森の中で、怪我人と遭難しました。リーダーに連絡付きません。

 どうして!!

 心の中で叫びながら頭を抱える。ヒューイが居なかったら暴れてた。目の前にある木を殴ってた絶対。

「これからどうすれば…」

「さぁな。まぁ俺は、お前に助けらられなければ、この世にいなかったかもしれないし。このまま棄権しようかな」

 横をむくとしょんぼりとした顔をしたヒューイが目に入った。小さな声で「死ぬかと思ったし…」と呟いていた。

 そうだよな。ヒューイはこのまま棄権して、教師陣に保護してもらうのが1番いいかもしれない。確か…信号団は青だったよな…。

「そういえば、お前の名前なんてゆーの?」

「ぇ、ああ。言ってなかったか。僕はルアネ・リー・ハイネルセンだ」

「ハイネルセン…」

 僕の名を呟いたヒューイがいきなり声のトーンが低くなった。

「どうし…」

 どうしたのか、と全部言い終わる前に歩くのに支えていた肩を全身で振り払われた。

「ハッ!公爵家のお坊ちゃんかよ。きどってて、身分高そうだなと感じてたがまさか、ハイネルセン公爵家とはな!」

な、な、

なんなんだ~?!

この男は~~?!?

 助けてやって肩も貸してたのにいきなり体当たりして、しかも、なんか侮辱されてるし、腹たつ~~!!

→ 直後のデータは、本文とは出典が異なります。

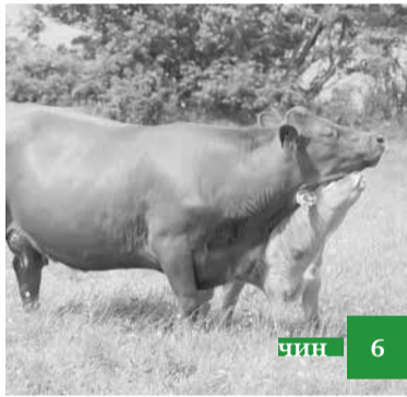
Иса пайгъамбардикайни чувуддикай ажайиб къиса

 脳内だけ地団駄踏んで、行動に表さないように我慢してるが、顔は我慢でてないかもしれない。

「何か問題があるのか。助けてやったのにそんな態度は無いだろっ!」

「問題?大ありだね!俺は身分が高くて威張ってる人間が嫌いなんだ!特にハイネルセン公爵家はな!気が変わった、棄権しない。お前の足でまといになって嫌がらせしてやる」
 
 な、なんだと~~!こいつっ!!

 ハイネルセン家が嫌いだと面と向かって直接言われたのは初めてだ。悪徳貴族からはよく嫌わてるが、こいつの様な一般貴族から嫌われる要素無いはずだが?!ネアに調べてもらうか。

 とルアネのポテンシャルで4分の1くらい冷静に物事を考えているが、その他の4分の3は、こいつ悪口言いやがって、しかも、面倒な嫌がらせしやがって、クソっ!!!ムカつく許さねぇ殴ってやろう!

「な、アンタ、ほんと、最低だな!ふざけんなさっさと棄権しろやアホ!」

「嫌だね!お前に引っ付いて邪魔してやる」

 ヒューイはそう言いながら、振り払った癖に横から巻きついてきて足も絡ませてきた。

 くそ重い……!!自分が成人男性と変わらない体格してること分かってるのか!!僕より、少し身長高いくせに!! 

「重いんだよ!!このっ。離せッ……」


カサカサカサ…………

 なんか、こちらに向かってきてるような音がする。

 巻きついてたヒューイも複数の音に気づいたようで、前方を凝視していた。音が鮮明に聞こえてくるにつれ、腕に力が入り、首と腹を締め上げられているのだが…。今殴って音出して…襲われでもしたら元も子もないので、優しいルアネくんは我慢するぞ!